When small business owners think of the cutting edge of technology, document transcription doesn't usually come to mind. While some lawyers, doctors and other professionals in related fields still have conversations and client notes transcribed by bonded professionals, most either do their own typing or use speech-to-text software.
But automated tools such as Dragon NaturallySpeaking or Windows Voice Recognition can require editing that makes some users (including myself and folks I've talked to) wonder why they bother with them.
Where there is such consumer pain, there is usually a business opportunity, and one Los Angeles entrepreneur sees one in providing accurate transcription services to small businesses. Raj Pulagala's myMonolog service combines the sound recording applications available on most smart mobile phones with an online transcription marketplace.

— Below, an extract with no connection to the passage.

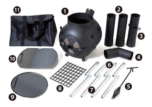 標準装備:1.本体 2.煙突 3.ダンパー付き煙突 4.エルボー煙突 5.リフティングツール 6.延長レッグ 7.レッグ 8.ファイヤーグレート 9.ラウンドウォームプレート 10.ウォームプレート 11.キャリーバッグ

The service lets customers post digital recordings on a secure Website on which they can be transcribed and later stored.
"The idea is to open up the closed, hard-to-use transcription process to the larger market," says Pulagala. "I believe that once you get used to getting a fast, high-quality copy of your conversation, it is hard to go back to automated transcription tools."
The service, which I've been testing for the past month or so, features a flat-rate fee structure of $1 per minute of recorded time. But that doesn't necessarily mean it's cheap.
What it is:
myMonolog accepts mobile recordings made from any one of a number of digital sound recording apps, including iProRecorder for iPhone, Voice Recorder for Android, or VR+ lite for BlackBerry. Depending upon which app is used, recordings can be made over the phone, in a conference call or in a live setting. The resulting sound file is then uploaded to the myMonolog marketplace and placed in a queue. Within 24 hours, the recording is transcribed and the resulting text file, along with original audio file, is stored on the Website. Everything can then be downloaded, edited and printed. Billing is done once a week.
Why you might like it:
1. It's easy to use. I found myMonolog to be a well-designed and easy to use way of recording interviews for stories. As advertised, the service accepts most any digital sound file and stores it in a way that makes it easy to track. I was impressed by the ability to approve or reject a transcription for quality. And myMonolog guarantees the work. If you find mistakes, the transcript will be fixed.
2. Quality is high. In the four calls and meetings I transcribed, consisting of nearly 50 minutes of talking, the overall quality of the text file was good. I could check any actual quote I used against the original, and the context of a quote was clear for all to see. myMonolog allows a team to review a conversation, listen again for what clients are asking for and edit the text to ensure clarity. By and large, the service worked as advertised.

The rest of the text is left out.